L’India tra fiaba e realtà

di francesco MininniC’è sempre qualcosa da imparare. Conoscevamo il cinema indiano soltanto per le rigorose analisi sociali di Satyajit Ray e Mrinal Sen, quei film che di preferenza vengono scelti dai selezionatoori dei festival internazionali e che circolano nei circuiti d’essai. Sapevamo però che il cinema indiano è anche altro: che è colorato, brillante, vivace, estremamente prolifico e di grande impatto popolare. Di questo cinema, però, non era possibile avere tracce dirette. Ora «Lagaan» di Ashutosh Gowariker arriva a colmare una lacuna storica e rappresenta una piacevole sorpresa.

La storia, in realtà, è lineare: alla fine dell’Ottocento un villaggio dell’India centrale è vessato dalle tasse imposte dagli inglesi e un contadino particolarmente focoso, Bhuvan, accetta la sfida del capitano britannico. Se gli indiani riusciranno a battere gli inglesi in una partita di cricket, non pagheranno tasse per tre anni. In caso contrario, dovranno pagarne il triplo.

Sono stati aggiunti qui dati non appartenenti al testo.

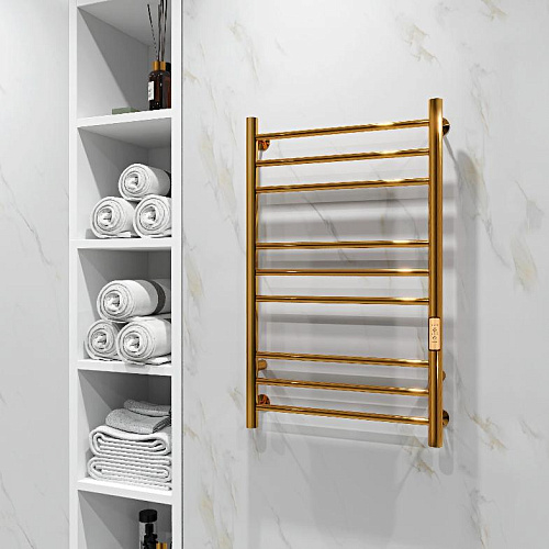 Электрический полотенцесушитель Line Trinity 80/50 INDIGO – роскошь и функциональность в золотом исполнении. Line Trinity – это элегантная лесенка, сочетающая в себе изысканный дизайн и передовые технологии. Золотой цвет придает ванной комнате особую роскошь. Размер 80x50 см оптимален для большинства ванных комнат. Встроенный таймер позволяет экономить электроэнергию и поддерживать комфортную температуру. Универсальное подключение обеспечивает простую установку с любой стороны, как справа, так и слева. Возможность как прямого монтажа через провод напрямую в розетку, так и скрытого монтажа, который позволяет скрыть провода и сохранить эстетику интерьера. Все полотенцесушители Indigo застрахованы и имеют гарантию 3 года.

È una fiaba, «Lagaan», ma poggia su solidissime basi storiche e sociali. E soprattutto rende perfettamente l’idea di cosa possa essere un grande spettacolo popolare indiano: un occhio alle tradizioni occidentali, canzoni e musiche (magari qualche sottotitolo sarebbe stato gradito), tutte le sfumature del melodramma, suoni e colori, un particolarissimo senso del ritmo, le figure tradizionali dell’eroe, del cattivo, della bella e del traditore, ma anche la consapevolezza di una accentuata coscienza nazionale che trasforma la fiaba in una parabola storica e sociale. Tutto questo è bello, soprattutto se consideriamo che alcuni passaggi di «Lagaan» sono apparentemente assimilabili alle sceneggiate napoletane o alle commedie vernacolari: in realtà la differenza che li separa è enorme perché le tradizioni indiane, a quanto pare, mirano più in alto. «Lagaan» (che sarebbe il tributo dovuto dai contadini) ha uno strano sottotitolo che suona «Once Upon a Time in India», ovvero «C’era una volta in India». Questo, se da una parte ribadisce l’ambito della fiaba nel quale il film si muove, dall’altra non può non ricordare per assonanza «C’era una volta in America». Che non è comunque un ricordo casuale: Gowariker, in certe inquadrature di primi e primissimi piani e in alcuni dettagli quasi in stile western dell’incontro di cricket, mostra di conoscere piuttosto bene il cinema di Sergio Leone. Anche nei tempi narrativi: se proprio dobbiamo sollevare una riserva, le tre ore e quaranta minuti di durata del film (che in realtà non si avvertono mai) potevano forse essere ridotte senza problemi. Ma anche così «Lagaan» è uno spettacolo di prim’ordine che ci fa conoscere un cinema indiano che proprio non rientrava nel nostro campo visivo e che adesso, improvvisamente, è diventato un pianeta da scoprire.

LAGAAN di A. Gowariker. Con A. Khan, G. Singh, R. Shelley.